The the the table displays the percentile distribution of detected streak lengths in pixels, ranging from the 25th to the 95th percentile. The text indicates that the model performs robustly for streaks up to half the image width, while longer streaks require additional geometric post-processing. This distribution reflects the variety of streak sizes encountered in the observational data. The data shows a significant spread in streak lengths, with the upper percentiles representing features much longer than the median. Geometric accuracy is reported to be highly reliable for streaks within the lower to middle range of the length distribution. For the longest streaks, detection stability is maintained but necessitates specific photometric-based post-processing steps.

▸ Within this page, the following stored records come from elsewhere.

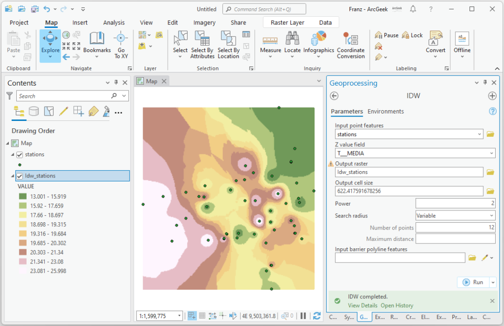That’s it! You have just interpolated point data to create a surface in ArcGIS Pro. Keep in mind, you can use other interpolation methods as well, such as “Natural Neighbour” and “Kriging”, and you can also experiment with different parameters and settings to achieve the best results for your specific dataset and project.
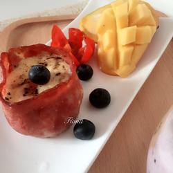 You can also beat the eggs first and then add cheese and garnish with fruits
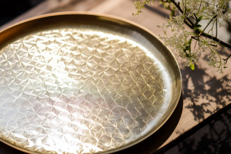 The Artistry of an Ornate Engraving on a Silver Serving Tray Illuminated by New Year's Eve Festive Lights
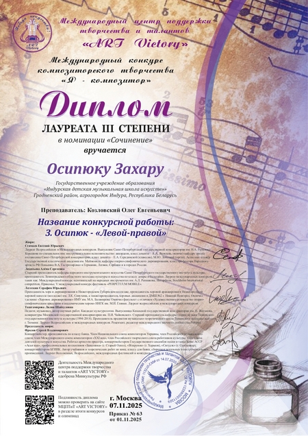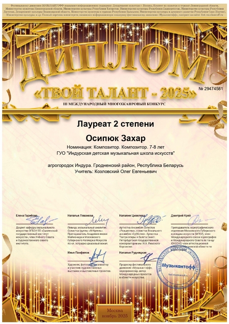 На Международном многожанровом конкурсе "Твой талант" и Международном конкурсе композиторского творчества "Я-композитор" успешно выступил учащийся 1 класса Осипюк Захар (учитель Козловский Олег Евгеньевич), который стал лауреатом 2 и 3 степени в номинации "Композитор".
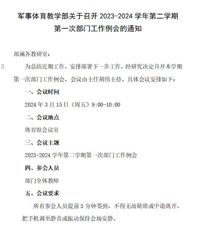 永利y23455关于召开2023-2024学年第二学期第一次部门工作例会的通知

The the the table details the composition of the dataset used for the experiment, divided into training, validation, and test subsets. The data is heavily imbalanced, with the majority of samples belonging to the no-streak class across all splits. The distribution of streak lengths and no-streak images remains consistent across the training, validation, and test sets. The no-streak class is the most prevalent category, accounting for the majority of the data in each subset. Short streaks represent the second most common class, making up a substantial minority of the total samples. Long streaks are the rarest category, appearing in a very small fraction of the images across all subsets.
The evaluation setup consists of training, validation, and test subsets with a consistent distribution where the no-streak background class predominates alongside balanced portions of short and long streaks. Experimental results show that the model achieves robust geometric accuracy for streaks within the lower to middle length ranges, typically extending up to half the image width. While detection stability is maintained for the longest streaks, these instances require specific geometric and photometric post-processing steps to ensure reliable performance across the full data spectrum.